**** Extracted data ****
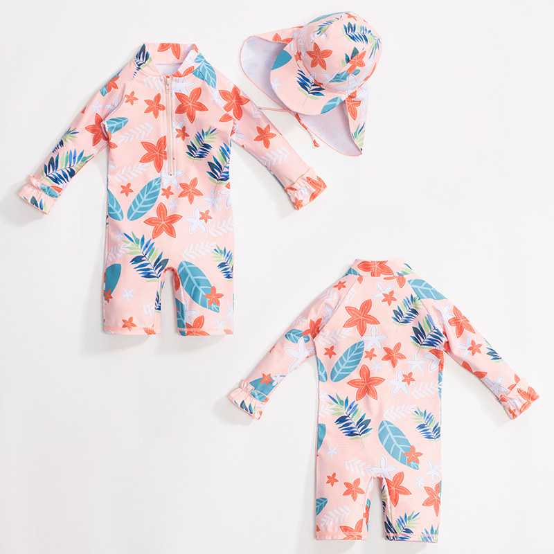 Girls Swimsuit 2021 New Kids Foreign Long Sleeve Swimsuit Pants Kids Baby Baby One-Piece Sunscreen Swimsuit
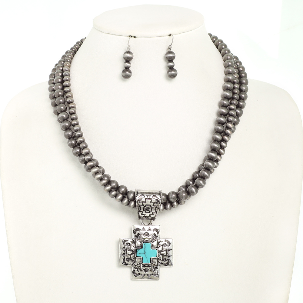 MULTI LAYERED WESTERN NAVAJO THEMED CROSS PENDANT BEAD NECKLACE EARRING SET
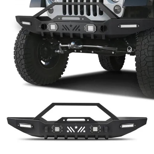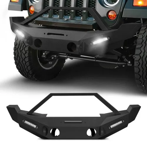VEVOR Front Bumper Compatible with 2007-2018 Wrangler JK/JKU, Heavy-Duty Steel Front Bumper with 2PCS LED Light Bars, Winch Plate, Fog Light Housing and D-Ring Mounts
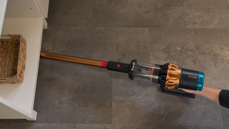 Das Gerät liegt gut in der Hand und was bei Dyson ebenfalls typisch ist – und das zeigt sich auch beim V16 – ist die sehr hohe Wendigkeit. Das Gerät ist extrem flexibel und beweglich. Man kommt damit leicht um Stuhlbeine herum, kann schnell die Richtung wechseln und den Sauger insgesamt sehr direkt steuern. Für alle, die schon Dyson nutzen, ist das ein vertrautes Handling. Wer aber von einem anderen Akkusauger umsteigt, dem kommt diese Art der Führung anfangs oft ungewohnt vor – das ist dann aber vor allem Gewöhnungssache.
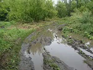 Село Кянда. Дорога в нижней части села. Последствия дождей. Август, 2013 год
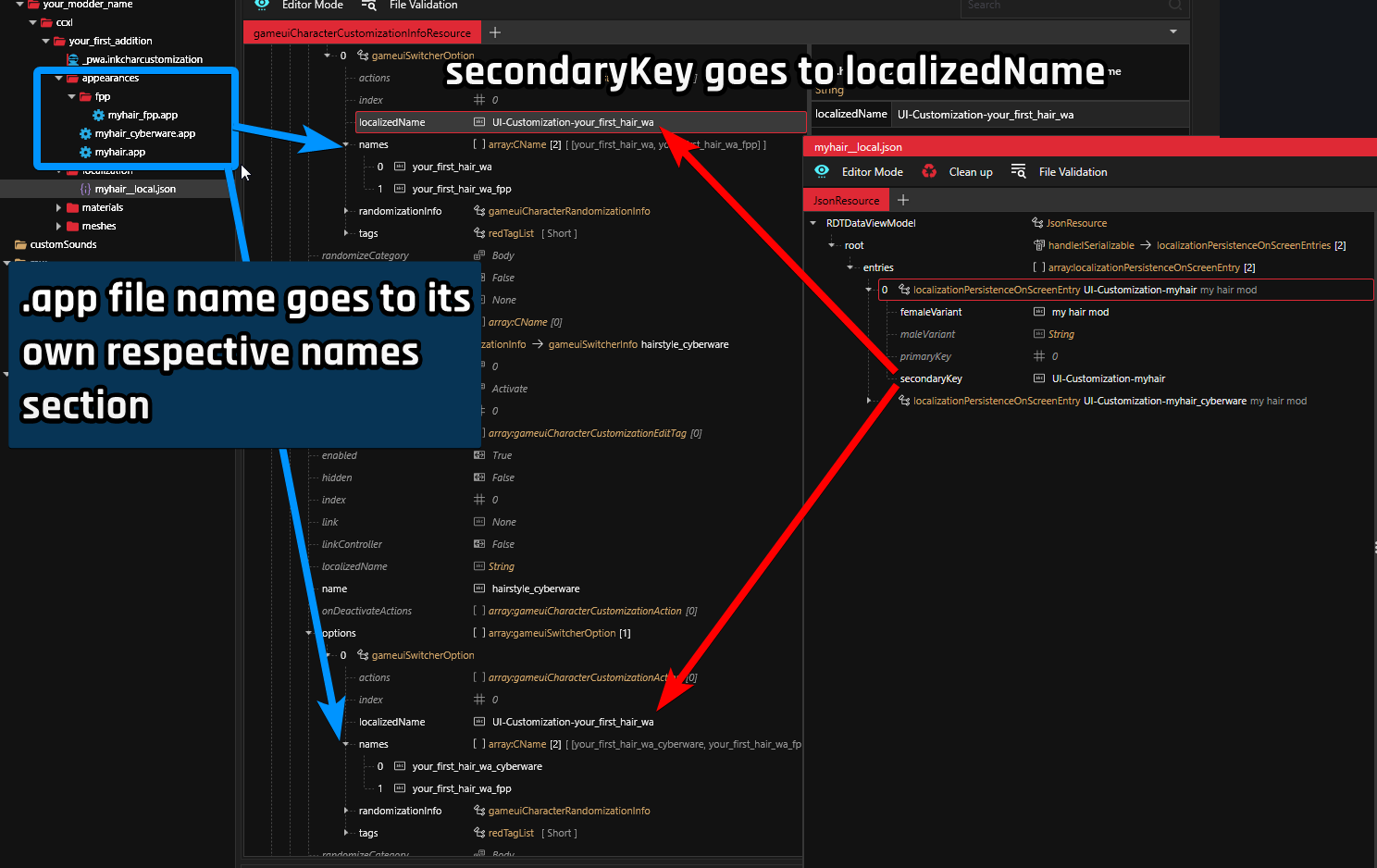 1. Go to the `.json` file and copy the first item's`secondaryKey` property value and paste it in the `localizedName` field. So the localizedName field now has the value`UI-Customization-myhair` This tells the hair slot file that we'll use the name set in the .json file as its display name in-game.
****
> [Assigned task]: Copy all of the data word for word, and keep the pictures out of it.

> [Response to this exercise]:
 Girls Swimsuit 2021 New Kids Foreign Long Sleeve Swimsuit Pants Kids Baby Baby One-Piece Sunscreen Swimsuit
 MULTI LAYERED WESTERN NAVAJO THEMED CROSS PENDANT BEAD NECKLACE EARRING SET
VEVOR Front Bumper Compatible with 2007-2018 Wrangler JK/JKU, Heavy-Duty Steel Front Bumper with 2PCS LED Light Bars, Winch Plate, Fog Light Housing and D-Ring Mounts
 Das Gerät liegt gut in der Hand und was bei Dyson ebenfalls typisch ist – und das zeigt sich auch beim V16 – ist die sehr hohe Wendigkeit. Das Gerät ist extrem flexibel und beweglich. Man kommt damit leicht um Stuhlbeine herum, kann schnell die Richtung wechseln und den Sauger insgesamt sehr direkt steuern. Für alle, die schon Dyson nutzen, ist das ein vertrautes Handling. Wer aber von einem anderen Akkusauger umsteigt, dem kommt diese Art der Führung anfangs oft ungewohnt vor – das ist dann aber vor allem Gewöhnungssache.
 Село Кянда. Дорога в нижней части села. Последствия дождей. Август, 2013 год
 1. Go to the `.json` file and copy the first item's`secondaryKey` property value and paste it in the `localizedName` field. So the localizedName field now has the value`UI-Customization-myhair` This tells the hair slot file that we'll use the name set in the .json file as its display name in-game.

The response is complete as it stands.